Thursday, December 31, 2009

A Portent: Value Investor Goes For Gold

As reported by Forbes magazine, noted value investor Jean-Marie Eveillard has gone for gold in a big way. What makes this portentous is the fact that gold is not exactly a value investment. As gold skeptics never tire of pointing out, gold does not generate a return. There's no cash flow, no dividends, no earnings from a hunk of gold. Moreover, gold underperforms stocks in the very long term. Forbes columnist William Baldwin makes both these points. Gold mining stocks do generate returns, but only when the companies' proceeds are sufficiently above all their costs to do so. Even if gold goes up, a cost squeeze can make for losses. Suffice it to say that gold miners are cyclicals, and their earnings are volatile.

Eveillard is frank about his reasons. The funds he's a senior advisor to, except for one that's a pure gold fund, have "insurance" levels of gold in their portfolio. They're using gold for hedging purposes, not because of any bullish call. He himself recommends that investors only put 5-10% of their holdings into gold, and pegs 10% as a good maximal insurance level for a fund. Beyond that 10%, a manager begins to speculate on gold's rise.

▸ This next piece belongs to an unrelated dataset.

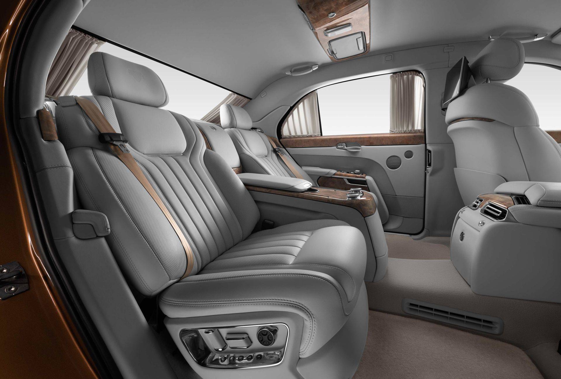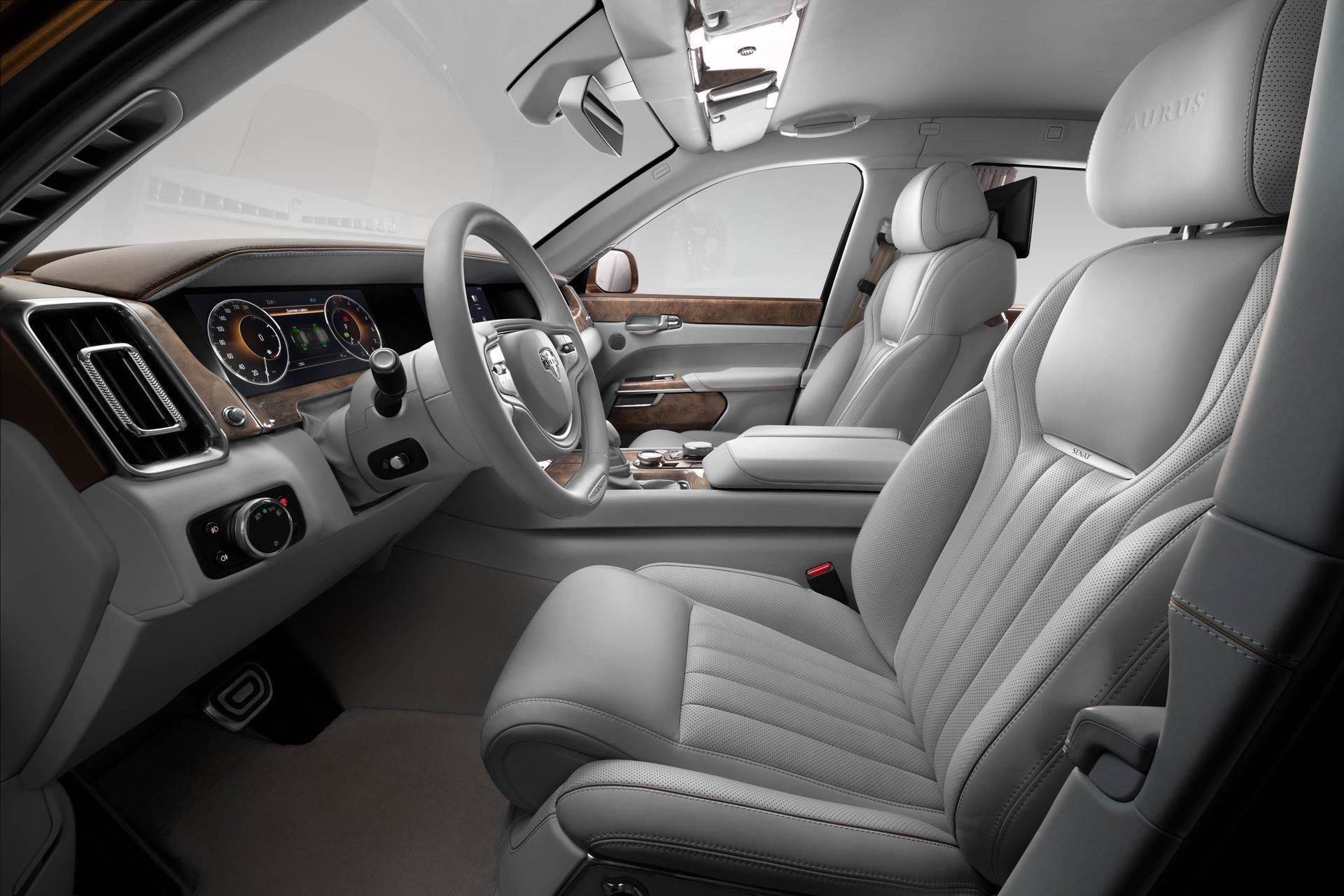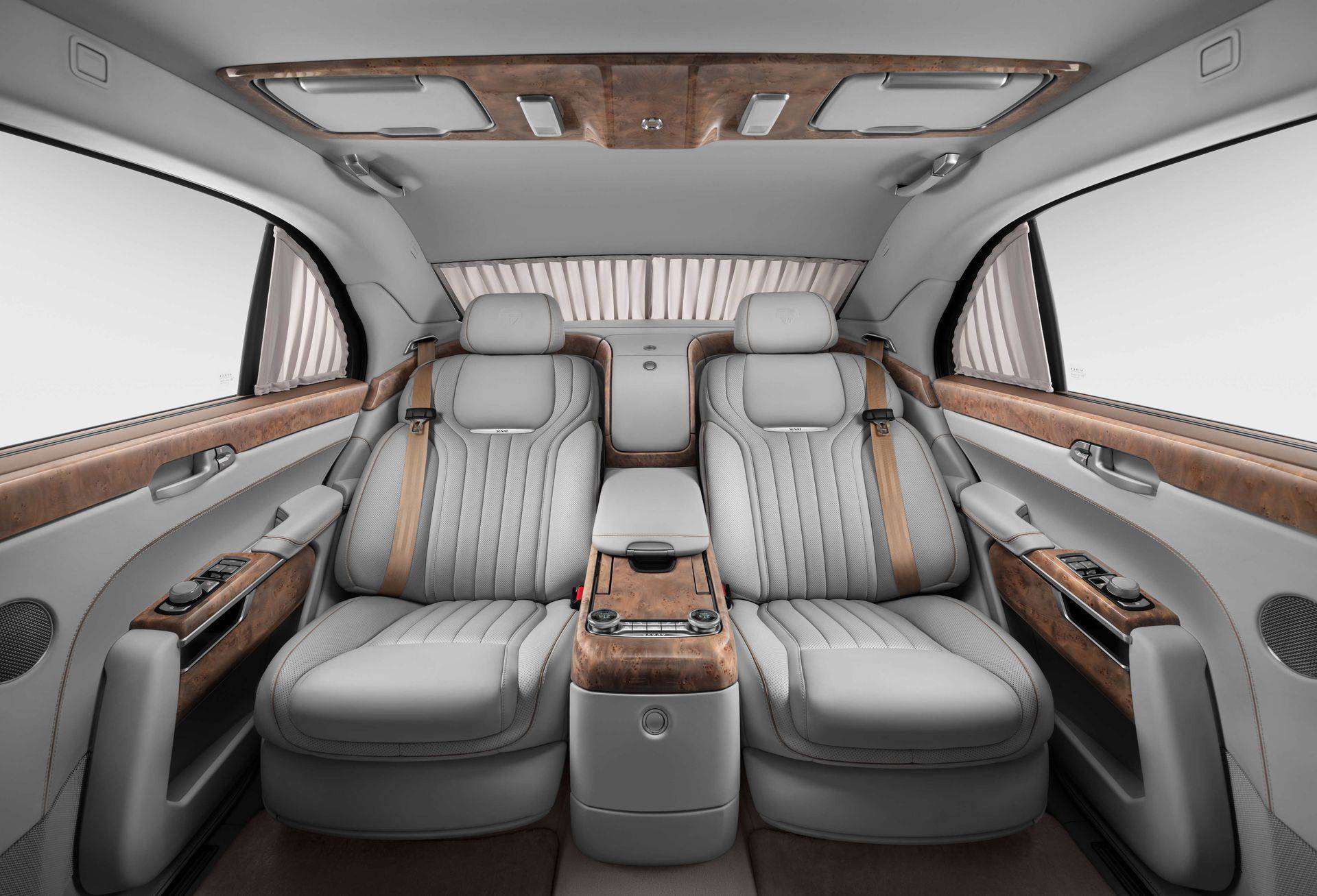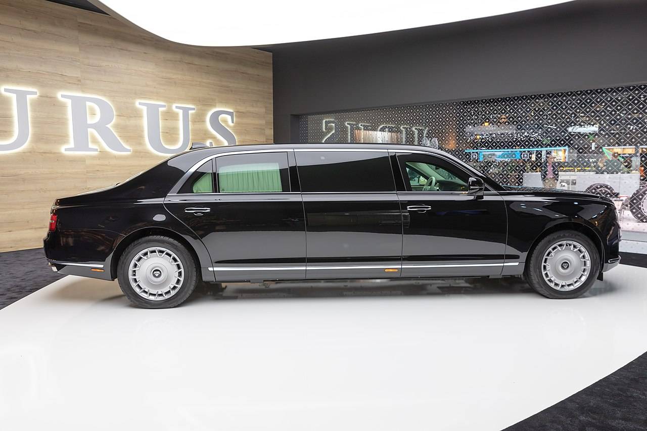 尺寸上,这款加长版本长宽高分别为6630mm/2020mm/1695mm,轴距达到了4300mm,整个侧面线条视觉感相对比较流畅。Aurus Senat采用了一套大面积金属光面的轮圈,显得非常稳重大气,劳斯莱斯、宾利、梅赛德斯-迈巴赫旗下的不少车型都采用过类似的设计。

One of the abiding characteristics of value investors is that they're in it for the duration. They buy on the assumption that an investment they hold will be held for years, as it will take that long for the market to revalue it properly. Every value investor knows that gold generates no return, and that every dollar spent on gold is a dollar that can't be put into a company that does generate returns. Deciding to hobble one's portfolio with a no-cash-flow investment for insurance purposes, means that one has decided that the insurance is worth paying for. In Eveillard's case, he's betting that the Fed has (yet again) erred on the side of too much easing.

That conclusion is one that gold bulls will nod at, and probably like. However, value investors have a track record of buying too soon relative to their calls. More than a few were buying stocks with both hands in October-November of 2008, because the valuations were compelling at that time. Many of them got temporarily blindsided in February and March of this year, when the valuations became even more compelling. As is often the case in the value-investing world, their judgement was vindicated in the end...but the ride was bumpy in the interim.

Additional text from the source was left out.